Gabriele Cifrodelli is a PhD candidate and Research and Teaching Assistant at the University of Glasgow, CREATe Centre. His research interests mostly lie in the intersection between Intellectual Property, Technology and Innovation. Gabriele is the Convenor of the IP Reading Group in CREATe and Coordinating Board Member of SCOTLIN – Scottish Law and Innovation Network. He holds a LLM in Intellectual Property and Digital Economy at the University of Glasgow, and his dissertation “Patent System and Artificial Intelligence: Towards a New Concept of Inventorship?” has been awarded as one of the Outstanding LLM Dissertations in 2021. Gabriele is also a Law Graduate from the University of Trento where his dissertation “Can you patent the sun? The Covid-19 Vaccine as a chance to rethink the relationship between Intellectual Property and Commons” has been recognized as one of the Outstanding Dissertations in the Open Science Field written in the years 2020–2021–2022.
Joséphine Sangaré, LL.M. Joining CREATe in 2022, Joséphine is a PhD researcher, and tutor for law and sociology at the University of Glasgow. Her research focusses on information and communication technology, infrastructure integrity, public-private partnerships, and global knowledge. Joséphine holds an LLM. in International Law and Security Studies (University of Strathclyde) and a B.A.(Hons) in Law and Political Science (Leibniz University Hanover).

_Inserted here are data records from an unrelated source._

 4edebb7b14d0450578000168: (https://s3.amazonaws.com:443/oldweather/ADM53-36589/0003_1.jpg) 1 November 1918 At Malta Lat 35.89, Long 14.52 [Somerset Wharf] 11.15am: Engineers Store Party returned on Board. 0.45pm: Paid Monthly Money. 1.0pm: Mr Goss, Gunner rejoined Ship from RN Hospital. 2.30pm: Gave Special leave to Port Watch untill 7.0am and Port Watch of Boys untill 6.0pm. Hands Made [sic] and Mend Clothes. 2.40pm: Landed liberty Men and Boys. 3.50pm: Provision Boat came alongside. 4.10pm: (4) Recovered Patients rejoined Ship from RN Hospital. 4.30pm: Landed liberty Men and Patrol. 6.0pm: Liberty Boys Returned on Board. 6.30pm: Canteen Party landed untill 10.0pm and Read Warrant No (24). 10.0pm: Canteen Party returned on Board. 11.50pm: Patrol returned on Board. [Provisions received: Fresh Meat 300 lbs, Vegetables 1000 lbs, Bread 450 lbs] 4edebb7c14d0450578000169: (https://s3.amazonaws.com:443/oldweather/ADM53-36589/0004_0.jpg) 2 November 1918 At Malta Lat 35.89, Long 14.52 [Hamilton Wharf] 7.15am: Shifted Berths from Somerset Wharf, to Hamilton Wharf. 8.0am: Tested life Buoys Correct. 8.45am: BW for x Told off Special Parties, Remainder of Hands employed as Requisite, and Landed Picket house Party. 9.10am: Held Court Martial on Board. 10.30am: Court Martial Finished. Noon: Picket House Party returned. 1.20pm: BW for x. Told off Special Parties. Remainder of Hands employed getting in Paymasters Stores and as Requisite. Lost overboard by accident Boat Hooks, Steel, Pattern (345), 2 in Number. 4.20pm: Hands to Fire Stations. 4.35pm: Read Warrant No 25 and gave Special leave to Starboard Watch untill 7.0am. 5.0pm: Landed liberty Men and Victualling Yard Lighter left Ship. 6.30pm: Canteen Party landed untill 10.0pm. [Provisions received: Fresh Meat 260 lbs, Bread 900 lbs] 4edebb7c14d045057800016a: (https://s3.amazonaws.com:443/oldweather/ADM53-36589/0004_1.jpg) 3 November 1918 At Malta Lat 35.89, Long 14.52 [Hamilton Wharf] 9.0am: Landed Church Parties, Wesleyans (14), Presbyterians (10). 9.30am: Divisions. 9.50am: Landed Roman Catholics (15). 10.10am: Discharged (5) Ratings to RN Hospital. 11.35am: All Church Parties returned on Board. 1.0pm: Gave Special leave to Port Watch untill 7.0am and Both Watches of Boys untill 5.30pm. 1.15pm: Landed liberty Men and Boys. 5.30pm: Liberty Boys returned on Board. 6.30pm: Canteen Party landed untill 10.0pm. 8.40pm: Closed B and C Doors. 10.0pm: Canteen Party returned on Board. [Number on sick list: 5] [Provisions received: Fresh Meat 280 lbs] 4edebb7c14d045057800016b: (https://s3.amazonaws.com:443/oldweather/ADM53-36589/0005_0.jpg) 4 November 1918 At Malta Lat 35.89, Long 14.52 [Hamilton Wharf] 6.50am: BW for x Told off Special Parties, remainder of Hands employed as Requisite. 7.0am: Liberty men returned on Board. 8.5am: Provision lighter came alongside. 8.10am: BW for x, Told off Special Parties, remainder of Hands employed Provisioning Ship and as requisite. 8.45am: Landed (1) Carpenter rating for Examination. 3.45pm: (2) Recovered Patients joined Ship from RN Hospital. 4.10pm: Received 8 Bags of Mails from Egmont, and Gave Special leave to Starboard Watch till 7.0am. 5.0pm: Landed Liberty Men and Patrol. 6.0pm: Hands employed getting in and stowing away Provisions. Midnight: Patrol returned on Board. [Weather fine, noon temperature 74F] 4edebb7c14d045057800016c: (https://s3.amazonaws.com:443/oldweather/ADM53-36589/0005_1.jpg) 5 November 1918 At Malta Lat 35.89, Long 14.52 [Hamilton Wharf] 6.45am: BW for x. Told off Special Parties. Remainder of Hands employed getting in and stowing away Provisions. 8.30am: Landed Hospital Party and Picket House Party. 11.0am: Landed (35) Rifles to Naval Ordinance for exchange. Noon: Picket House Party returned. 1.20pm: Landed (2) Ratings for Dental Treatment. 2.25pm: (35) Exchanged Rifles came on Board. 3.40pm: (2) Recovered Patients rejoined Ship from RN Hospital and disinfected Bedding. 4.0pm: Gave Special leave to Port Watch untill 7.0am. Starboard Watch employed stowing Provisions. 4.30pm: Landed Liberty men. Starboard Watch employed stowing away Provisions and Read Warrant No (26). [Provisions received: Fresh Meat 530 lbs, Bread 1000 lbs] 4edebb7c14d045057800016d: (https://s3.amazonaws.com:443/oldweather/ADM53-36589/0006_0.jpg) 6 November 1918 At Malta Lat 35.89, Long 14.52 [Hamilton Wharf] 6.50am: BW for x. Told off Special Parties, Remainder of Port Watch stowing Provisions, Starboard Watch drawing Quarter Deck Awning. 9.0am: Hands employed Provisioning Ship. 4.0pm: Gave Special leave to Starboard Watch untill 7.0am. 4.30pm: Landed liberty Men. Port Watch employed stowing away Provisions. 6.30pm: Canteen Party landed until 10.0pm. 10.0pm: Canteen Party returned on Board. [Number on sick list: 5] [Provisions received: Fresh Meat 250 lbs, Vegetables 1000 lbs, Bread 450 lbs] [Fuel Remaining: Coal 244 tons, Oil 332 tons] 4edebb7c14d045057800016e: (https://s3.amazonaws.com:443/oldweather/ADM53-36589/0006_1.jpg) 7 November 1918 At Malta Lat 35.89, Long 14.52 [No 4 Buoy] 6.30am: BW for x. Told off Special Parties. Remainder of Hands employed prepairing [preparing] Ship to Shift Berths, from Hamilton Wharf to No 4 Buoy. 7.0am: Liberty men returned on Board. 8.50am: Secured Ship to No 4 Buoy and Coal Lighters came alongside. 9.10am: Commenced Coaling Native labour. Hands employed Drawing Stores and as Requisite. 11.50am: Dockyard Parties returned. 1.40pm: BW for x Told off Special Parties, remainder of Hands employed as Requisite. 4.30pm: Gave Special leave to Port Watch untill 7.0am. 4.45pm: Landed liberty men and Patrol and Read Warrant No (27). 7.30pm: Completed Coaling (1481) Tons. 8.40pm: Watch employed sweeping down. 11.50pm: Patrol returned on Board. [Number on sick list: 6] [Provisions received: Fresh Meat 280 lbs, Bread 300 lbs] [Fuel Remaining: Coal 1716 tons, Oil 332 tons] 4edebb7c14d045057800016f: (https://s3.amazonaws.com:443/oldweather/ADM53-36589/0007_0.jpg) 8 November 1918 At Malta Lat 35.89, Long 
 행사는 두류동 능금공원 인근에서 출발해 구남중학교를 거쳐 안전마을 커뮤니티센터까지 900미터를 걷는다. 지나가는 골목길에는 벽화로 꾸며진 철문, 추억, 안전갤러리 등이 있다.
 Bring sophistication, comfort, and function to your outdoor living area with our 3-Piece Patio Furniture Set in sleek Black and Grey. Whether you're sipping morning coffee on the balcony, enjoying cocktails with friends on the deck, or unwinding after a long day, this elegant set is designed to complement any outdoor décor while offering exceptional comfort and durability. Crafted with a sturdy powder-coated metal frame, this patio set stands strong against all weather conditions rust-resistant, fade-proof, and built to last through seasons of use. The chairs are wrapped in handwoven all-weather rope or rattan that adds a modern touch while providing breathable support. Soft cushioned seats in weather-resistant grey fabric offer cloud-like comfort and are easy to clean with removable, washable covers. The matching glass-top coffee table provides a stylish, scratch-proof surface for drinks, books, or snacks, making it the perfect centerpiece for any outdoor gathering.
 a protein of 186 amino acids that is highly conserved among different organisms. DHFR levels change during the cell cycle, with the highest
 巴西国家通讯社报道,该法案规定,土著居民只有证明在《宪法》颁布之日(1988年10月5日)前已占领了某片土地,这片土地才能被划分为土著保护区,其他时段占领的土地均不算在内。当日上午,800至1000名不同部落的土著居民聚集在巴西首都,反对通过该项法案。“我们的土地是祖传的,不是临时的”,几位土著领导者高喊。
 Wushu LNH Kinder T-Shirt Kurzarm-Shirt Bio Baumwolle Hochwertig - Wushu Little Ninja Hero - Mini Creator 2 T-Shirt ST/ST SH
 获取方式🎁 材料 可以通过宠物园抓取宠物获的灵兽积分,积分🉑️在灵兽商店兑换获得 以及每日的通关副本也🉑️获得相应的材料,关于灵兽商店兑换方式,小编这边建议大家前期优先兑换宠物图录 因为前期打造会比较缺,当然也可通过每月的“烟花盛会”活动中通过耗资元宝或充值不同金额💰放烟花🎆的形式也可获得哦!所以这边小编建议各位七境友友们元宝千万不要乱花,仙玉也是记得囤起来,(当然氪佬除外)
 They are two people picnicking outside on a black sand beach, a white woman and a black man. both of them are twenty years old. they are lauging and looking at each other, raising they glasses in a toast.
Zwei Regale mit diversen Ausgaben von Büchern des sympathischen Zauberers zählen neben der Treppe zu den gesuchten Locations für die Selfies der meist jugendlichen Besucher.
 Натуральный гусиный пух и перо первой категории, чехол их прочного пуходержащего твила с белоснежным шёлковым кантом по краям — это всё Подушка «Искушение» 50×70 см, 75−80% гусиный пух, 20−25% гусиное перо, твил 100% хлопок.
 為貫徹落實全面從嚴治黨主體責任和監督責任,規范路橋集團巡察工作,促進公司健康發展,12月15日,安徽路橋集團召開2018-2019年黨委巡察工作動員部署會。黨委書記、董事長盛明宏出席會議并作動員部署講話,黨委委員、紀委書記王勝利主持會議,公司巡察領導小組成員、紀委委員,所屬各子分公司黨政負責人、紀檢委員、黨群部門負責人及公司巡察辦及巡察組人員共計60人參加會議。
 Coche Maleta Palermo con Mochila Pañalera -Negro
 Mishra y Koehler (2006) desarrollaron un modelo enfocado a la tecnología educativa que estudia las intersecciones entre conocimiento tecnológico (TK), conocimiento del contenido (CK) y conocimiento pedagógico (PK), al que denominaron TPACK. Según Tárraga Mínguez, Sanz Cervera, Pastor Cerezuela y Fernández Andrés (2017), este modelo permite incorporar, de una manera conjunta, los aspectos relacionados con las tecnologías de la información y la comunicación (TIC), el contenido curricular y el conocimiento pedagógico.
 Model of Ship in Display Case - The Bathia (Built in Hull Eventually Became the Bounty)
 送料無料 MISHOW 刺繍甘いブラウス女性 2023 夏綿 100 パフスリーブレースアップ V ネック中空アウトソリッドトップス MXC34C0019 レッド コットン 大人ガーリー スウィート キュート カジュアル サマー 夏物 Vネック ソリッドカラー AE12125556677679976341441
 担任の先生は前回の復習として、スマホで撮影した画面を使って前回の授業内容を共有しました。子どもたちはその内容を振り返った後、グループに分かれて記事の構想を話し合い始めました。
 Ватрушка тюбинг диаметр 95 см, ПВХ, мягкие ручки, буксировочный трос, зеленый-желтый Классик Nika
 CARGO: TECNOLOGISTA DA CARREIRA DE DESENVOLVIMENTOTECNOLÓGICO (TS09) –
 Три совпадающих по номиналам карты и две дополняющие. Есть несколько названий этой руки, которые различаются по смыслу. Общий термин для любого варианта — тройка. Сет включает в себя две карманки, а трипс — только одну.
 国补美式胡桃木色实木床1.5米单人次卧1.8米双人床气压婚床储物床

Dr James Stewart is a Lecturer in Science and Technology Studies at the University of Edinburgh. He specialises in use, adoption, development and governance of ICTs across a range of contexts, with a recent focus on data-enabled computational systems such as “AI.” He has published on fields such as user and policy aspects of elder care technology, the internet in Science, Government use of targeted advertising, digital games and play, innovation and governance of Chinese telecommunications, and the digital divide.